A cryptocurrency user lost $50 million worth of USDT after falling victim to an “address poisoning” scam in which a scammer’s address was copied from his transaction history.
Cryptographic security experts Web3 Antivirus discovered the unfortunate victim’s transmission earlier today. Users first sent a test transaction of approximately $50 worth of USDT to crypto addresses starting with “0xbaf” and ending with “F8b5.”
However, they then sent approximately $50 million worth of USDT to suspiciously similar addresses starting with “0xBaF” and ending with “f8b5.”
The full fraudulent address “0xBaFF2F13638C04B10F8119760B2D2aE86b08f8b5” has a different body than the recipient of the test transaction, indicating that the sender Checks beyond the first few digits of the address failed.
Read more: $70 million ‘address poisoning’ scam refunds underway, more than 50% refunded
The redirected funds are then converted into the unfreezable stablecoin Dai, sent to another address, and now exchanged into wrapped Ether via “Rizzolsver: Uniswap X.”

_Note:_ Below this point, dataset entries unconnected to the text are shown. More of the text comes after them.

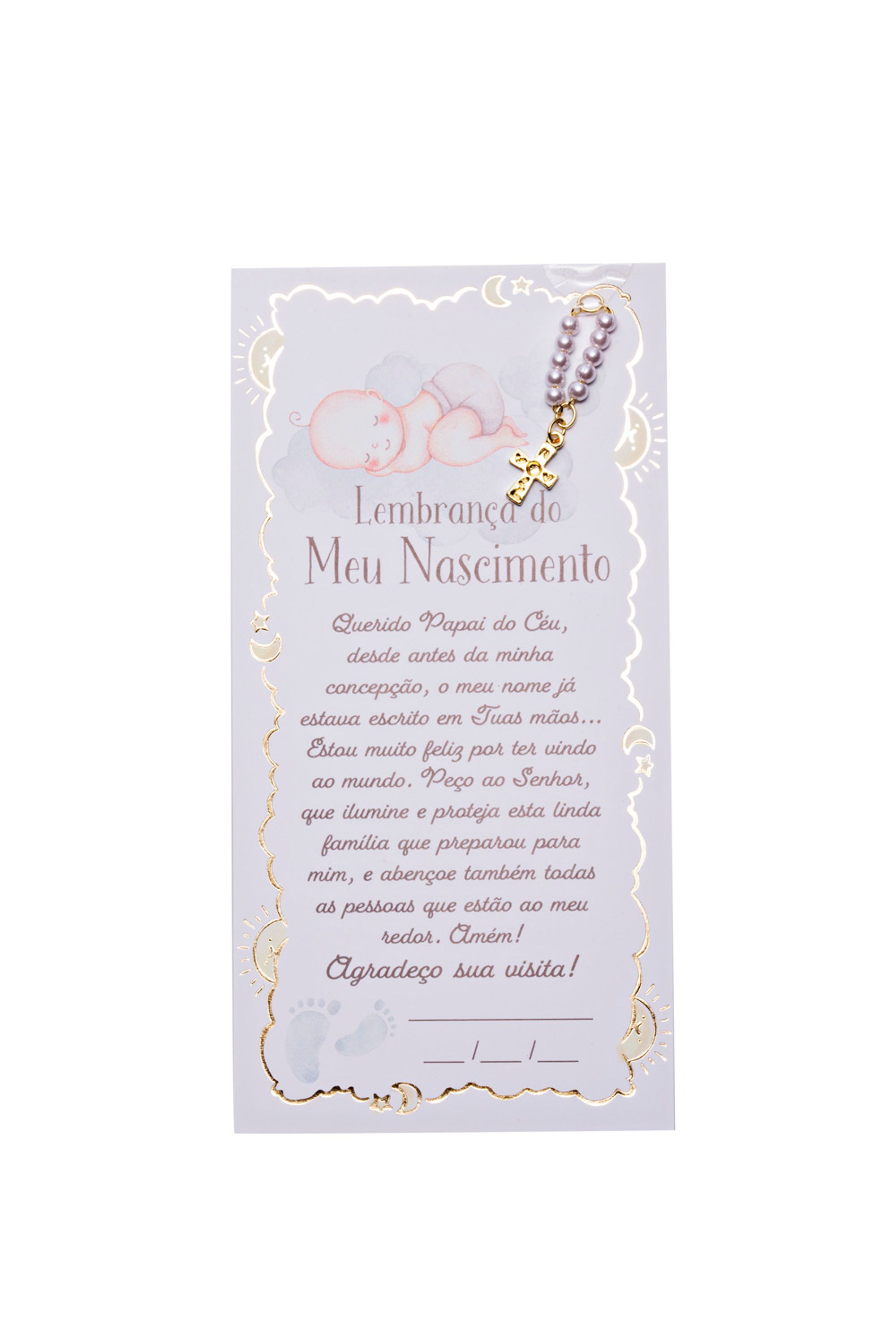 Santinho de Nascimento com pingente dourado Dezena pérola. Medidas: Santinho 13 cm x 6,5 cm dezena 3 cm.
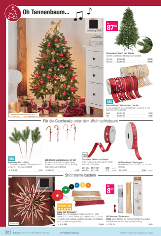 Dekobeispiel mit Weihnachtskugeln von S. 43.Tannenbaum \Schnelle und einfache Montage. Aus Kunststoff.120 cm41236 9587,95180 cm41265 26179,00NEUGeschenkband \3 x 2,5 cm breit, 1 x 1,5 cm breit und 1 x 3,8 cm, je 5 m lang. Aus 100 % Polyester.Gold41282 2211,85Rot41282 2311,85BEWERTUNGxxxxxBastel-Set \Inhalt: Ca. 100 Strohhalme in Natur und Rot, je 1 Strohspalter f%u00fcr 2, 3 und 4 Streifen, je 1 Legeform mit 12, 16 und 24 Zapfen. Inkl. Anleitung. Zus%u00e4tzlich ben%u00f6tigen Sie Bindfaden (nicht im Lieferumfang enthalten).41619 86821,90VBS Bastelset \Inhalt: Genug Material, um mehrere Strohsterne zu basteln, rote Wollkordel und eine Step-by-Step-Anleitung.41239 788,55Ab8795Nur85532 |Schweiz: +41 71 511 23 70 (Mo.-Fr. 9-17 Uhr)service@vbs-hobby.chAlle Preise in CHF sowie versteuert und verzollt Oh Tannenbaum... Druckband \B. ca. 15 mm, L ca. 8 m. Aus 81 % Polyester und 19 % Leinen.ab 1 Stk.41210 618,901m=1,11ab 6 Stk.41210 617,121m=0,89VBS Chenille-Zuckerstangen, 4er SetMit einer Jute-Schleife und einer bunten Schelle. Ca. %u00d8 10 mm x L 35 cm. Aus Polyester, Draht, Jute und Metall.41269 3210,55NEUEdeltannen Pick, 3 St%u00fcck3 Tannepicks mit jeweils 4 Tannenspitzen. Ca. L 28 x B 11 cm. Aus Kunststoff.41238 464,10VBS Druckband \Mit Webkante. B ca. 10 mm, L ca. 3 m. Aus Polyester.41154 773,901m=1,30Dekobeispiel F%u00fcr die Geschenke unter dem Weihnachtsbaum Strohsterne basteln Anleitung3468Anleitung2662BEWERTUNGxxxxx
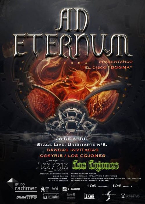 La presentación oficial del álbum, será en la bilbaína Stage Live, este sábado  28 de Abril y contara con la participación de Los Cojones y Ossyris, un par de formaciones que dejaran el camino barrido para que Ad Eternum salgan triunfantes de su gran noche.
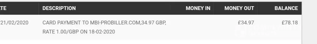 1. I see £95.88 on my bank statement from an mbi-probiller. What is this? (I can tell you the year is 2020, I do not pay for pornography).
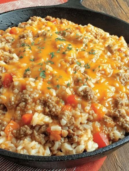 One of the best things about this recipe is how simple and convenient it is. Everything cooks in a single skillet, which means less cleanup and more time to enjoy your meal. The combination of seasoned beef, aromatic onions and garlic, and cheesy queso sauce creates a bold flavor that pairs perfectly with the tender rice.
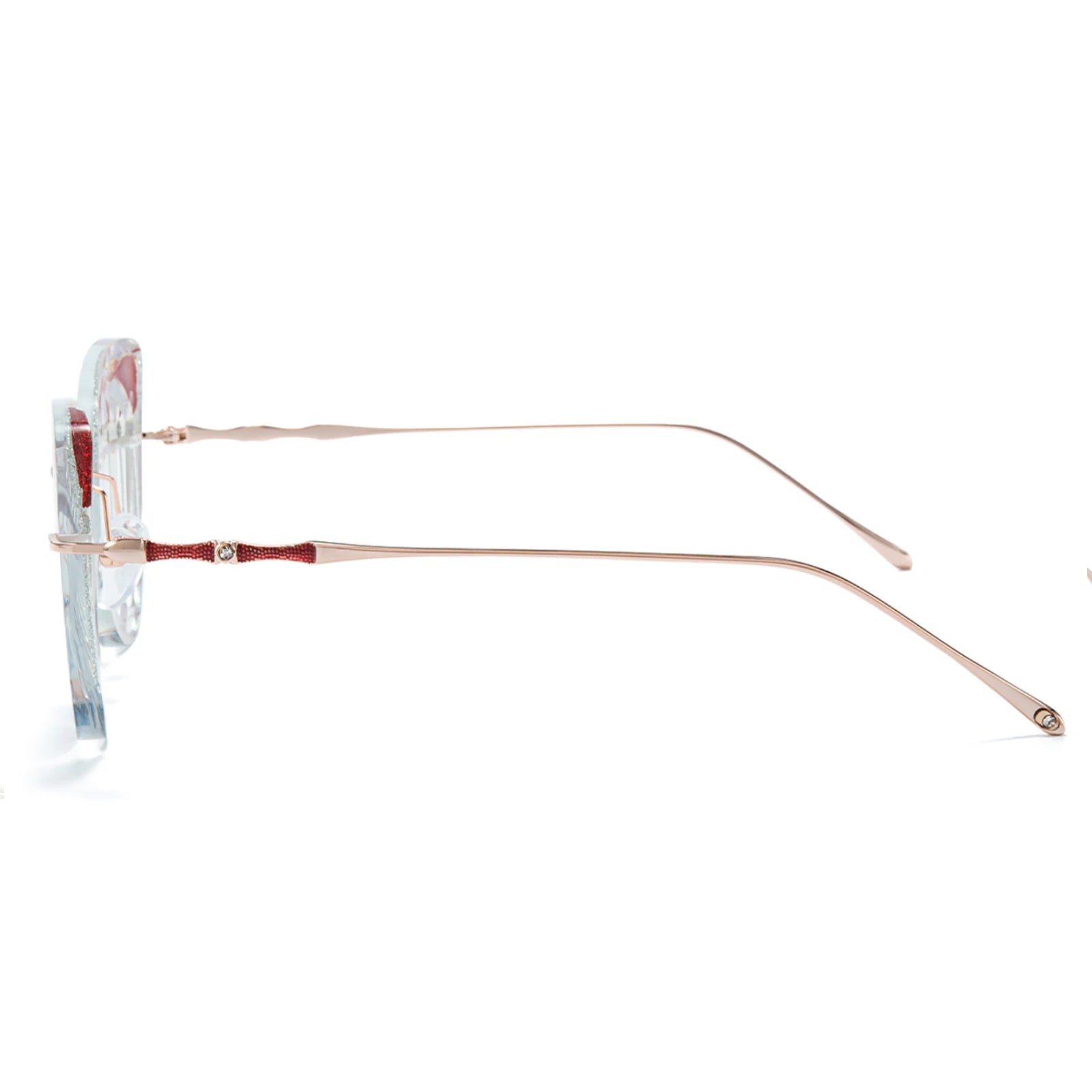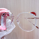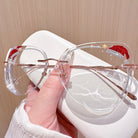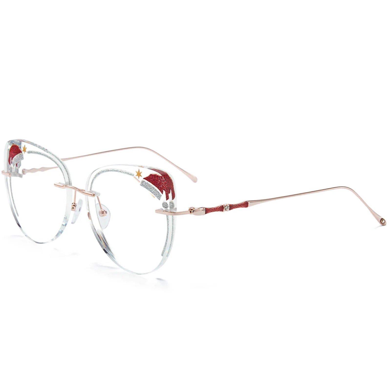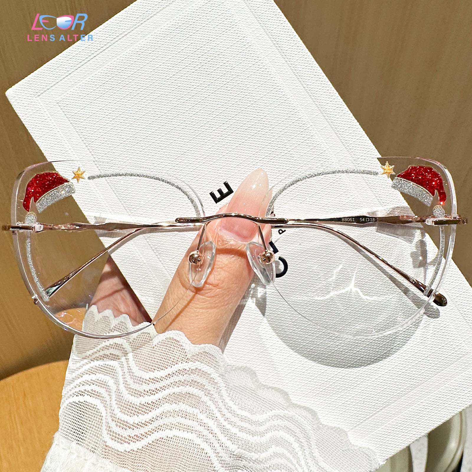 Bring the magic of the season to your style with these enchanting rimless cat-eye glasses. Featuring playful Christmas hat decorations on the lenses and festive holiday-colored temples, these frames are the ultimate winter accessory. Dreamy, whimsical, and oh-so-chic, they’re perfect for adding a touch of holiday sparkle to your look.

How does cryptocurrency poisoning occur?
Address poisoning scams work by sending small amounts of cryptocurrency known as “dust” from an address similar to the targeted recipient.
These small cryptographic signatures appear in the victim’s transactions, known as “poisoning,” and can trick the victim into accidentally copying and pasting the address instead of the legitimate address they intended to send it to.

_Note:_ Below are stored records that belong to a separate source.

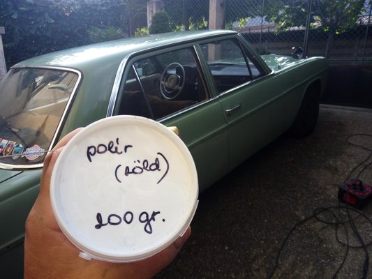 Innentől elvben már csak polírozni kellett, belső teret takarítani, a jobb padló hegesztését lefesteni. Én azért további szörnyűségekre készültem. Hét közben már kaptam egy kölcsön-polírgépet a Makitától, szerintem még ugyanazt, amivel egy évvel ezelőtt a Vasfogat egyszer már fényesítettem. Nekiláttam. Megjegyzem: a száraz 3M-es polírszer nagyon ügyes, ezzel dolgozva jól látszik, hogy mit művel a felülettel a gép, megvan a fényesedés pontja, s nincs akkora kínlódás sem. A vizes szerekkel nekem óriási kényelmetlenség az állandó spriccelési kényszer, s ott a maszat alatt nemigen tudtam, hogy áll a festés, a profiknak nyilván jobbak a módszereik, élesebb a szemük. Mondjuk úgy – én privátban, csendben most áttértem az új technikára. Vagy meg-?
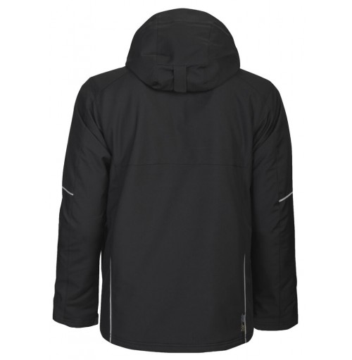 Lager 3-jacka i funktionellt softshellmaterial som är vind- och vattenavvisande. Kviltat vadderat foder. Två bröstfickor, den vänstramed invändig telefonficka. Fäste för ID-kortshållare. Två innerfickor med blixtlås varav en större för tex dokument. Två sidfickor. En ärmficka på vänster ärm. Innerficka med hål anpassat för handsfree på vänster sida. Ventilationsdragkedjor under ärmarna. Dragsko i midjan. Reglerbara ärmslut. Förlängd rygg för bästa komfort. Reflexpassportaler på ärmar och rygg. Avtagbar justerbar huva. Fleecefodrad krage och sidofickor för ökad komfort.
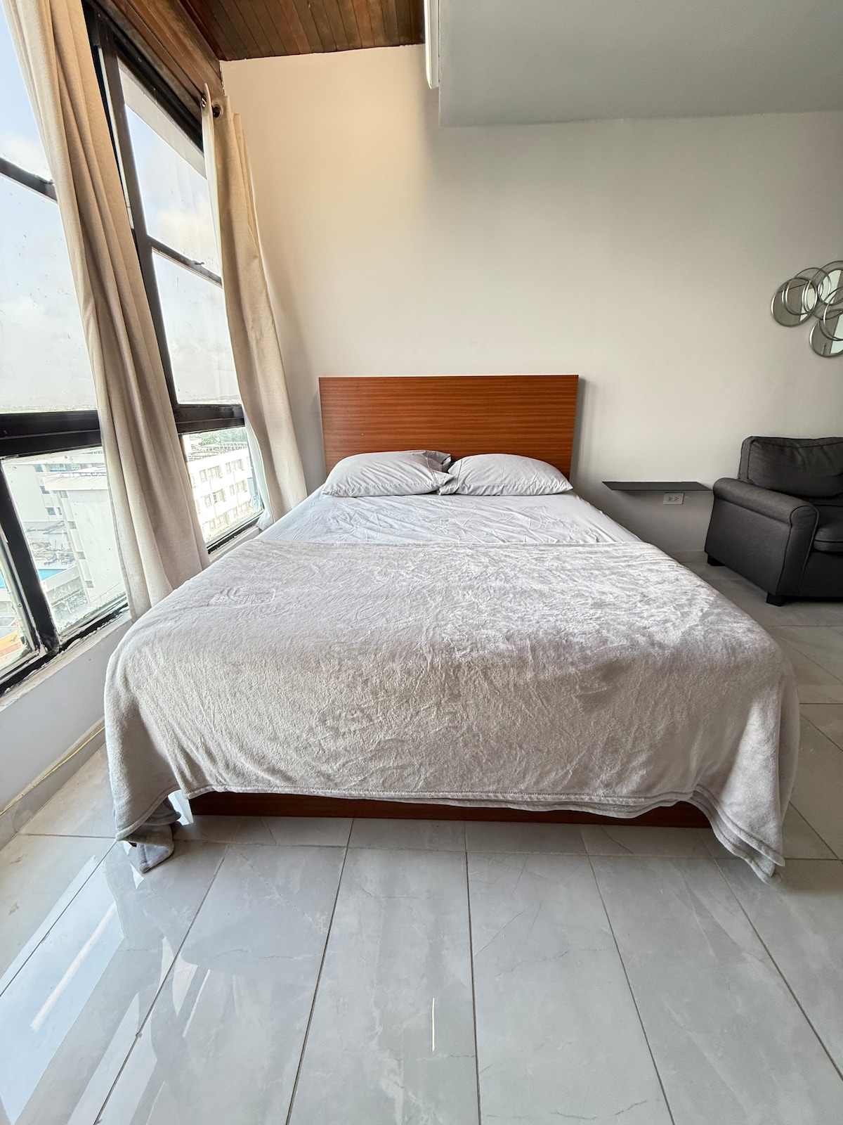 Квартира с великолепными видами, ресторанами и кафе. Вам понравится мое жилье из-за уюта, расположения и вида. Жилье идеально подходит для пар, одиночных путешественников и командировочных. Вы влюбитесь в этот вид. Расположен на верхнем этаже пентхауса (15-й) с захватывающим видом на Исла-Верде. В квартире 2 спальни, одна для хранения, 1 ванная с туалетом и мини-кухня. Круглосуточная охрана. Кроме того, есть бассейн и прачечная.
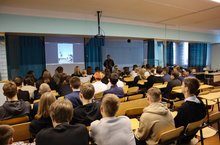 В ходе лекции В.А.Осянин рассказал о поисковой операции, о важности знать историю своей семьи, чтить память о тех, кто освобождал мир от нацизма. -
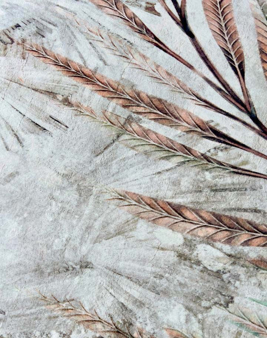 Teppich mit tropischem Blättermuster Grau Beige – Moderner Naturstil für Wohnzimmer
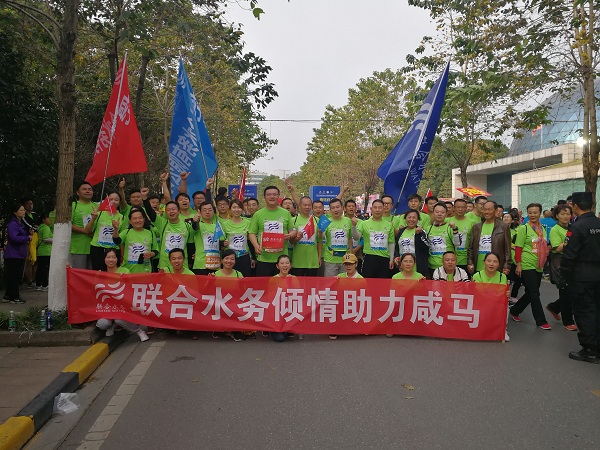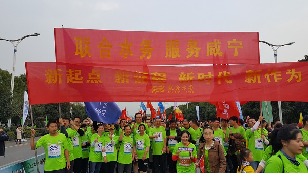 11月11日上午8點(diǎn),2017年咸寧國(guó)際溫泉馬拉松賽在咸寧市人民廣場(chǎng)鳴槍開(kāi)跑,本次活動(dòng)吸引了全世界的1.2萬(wàn)人參加,聯(lián)合水務(wù)集團(tuán)副總裁劉猛、陳樵、James Beeson先生及旗下6個(gè)項(xiàng)目公司的63名參賽隊(duì)員匯集香城泉都,代表聯(lián)合水務(wù)傾情助力本次馬拉松大賽。 當(dāng)天7:20,集團(tuán)63名參賽人員和咸寧公司70名啦啦隊(duì)和服務(wù)人員,在起點(diǎn)人民廣場(chǎng)集中,高舉“新起點(diǎn)、新征程、新時(shí)代、新作為”、“聯(lián)合水務(wù),服務(wù)咸寧”的橫幅,大家步伐整齊,揮舞彩旗,方陣格外引人注目,為本屆馬拉松賽事增添了一抹亮麗的風(fēng)景。

In one example, someone accidentally sent $70 million to a poisoned address. They then began trying to negotiate with the scammers and offered: Let them keep 10% of the funds.
Read more: How to stay safe on chain: 3 crypto users lose $876,000 within hours
The scammers ultimately returned more than half of the stolen funds to their victims.
Last year, two more victims collectively lost more than $200,000 by copying incorrect deposit addresses and sending crypto to compromised addresses.